To calculate the expected value in R, we use the formula for the expected value of a probability distribution. This value represents the average or mean of all possible outcomes, weighted by their probabilities.
Expected Value Formula
\mu = \sum (x \times P(x))
- x: sample value
- P(x): probability of the sample value
Example
Given:
X: 0.2, 0.3, 0.4, 0.5, 0.6
P(x): .1, .3, .5, .1, .2
\mu = (0.2 \times 0.1) + (0.3 \times 0.3) + (0.4 \times 0.5) + (0.5 \times 0.1) + (0.6 \times 0.2) = 0.48
Method 1: Using sum() method
sum() method is used to calculate the sum of given vector
Syntax:
sum(x)
Parameters:
- x: Numeric Vector
Example: Calculate expected value
x <- c(0.2, 0.3, 0.4, 0.5, 0.6)
probability <- c(0.1, 0.3, 0.5, 0.1, 0.2)
sum(x * probability)
Output:
0.48
Method 2: Using weighted.mean() method
It is used to get the weighted arithmetic mean of input vector values.
Syntax:
weighted.mean(x, weights)
Parameters:
- x: data input vector
- weights: weights for the input data
- Returns: weighted mean of the values
Example: Calculate expected value
x <- c(0.2, 0.3, 0.4, 0.5, 0.6)
probability <- c(0.1, 0.3, 0.5, 0.1, 0.2)
weighted.mean(x, probability)
Output:
0.4
Method 3: Using c() method
It is used to combine the arguments passed to it.
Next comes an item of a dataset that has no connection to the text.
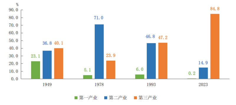 产业发展向新提质。新中国成立初期,北京产业发展呈低水平的“三二一”发展格局,三次产业比例为23.1∶36.8∶40.1;上世纪50年代以后,在建设现代化工业基地背景下,第二产业成为经济发展的主导产业,1954年第二产业比重为44.1%,首次超过第三产业,1978年达到71%;上世纪80年代以来,按照中央指示精神同时结合首都特点,北京开始调整产业结构,大力发展第三产业,1993年第三产业占比再次超过第二产业,达到47.2%并逐步提高,“三二一”的产业结构基本确立;2015年以后三产比重稳定在八成以上,2023年北京三次产业结构为0.2∶14.9∶84.8。产业发展呈现高端化特征。农业由传统种植业向现代农业、由重生产功能向重生态功能转变,传统种植业占比从1970年的71.2%下降到2023年的53.7%,体现生态功能的林业产值占比提高至26.1%。工业由劳动密集型向资本技术密集型转变,以电子信息、汽车、生物医药为主的先进制造业取代化工、冶金等传统重工业,2023年电力、汽车、电子、医药行业产值合计占比接近七成。服务业结构逐步优化,批发和零售业,交通运输、仓储和邮政业等传统服务业占比由新中国成立之初及改革开放初期的一半以上,下降到2023年的11.1%;金融业,信息传输、软件和信息技术服务业,科学研究和技术服务业,租赁和商务服务业增加值占服务业的比重达到63.3%,比2001年提高22.1个百分点。新兴产业加快成长,2023年战略性新兴产业、高技术产业增加值占GDP的比重分别为23.9%和27.1%,比2016年分别提高3个和5.3个百分点。

And %% operator is used to multiply a matrix with its transpose.
Syntax:
c(…)
Parameters:
- …: arguments to be combined
Example: Calculate expected value
x <- c(0.2, 0.3, 0.4, 0.5, 0.6)
probability <- c(0.1, 0.3, 0.5, 0.1, 0.2)
c(x %*% probability)
Output:
0.48
Matrix multiplication returns the expected value 0.48.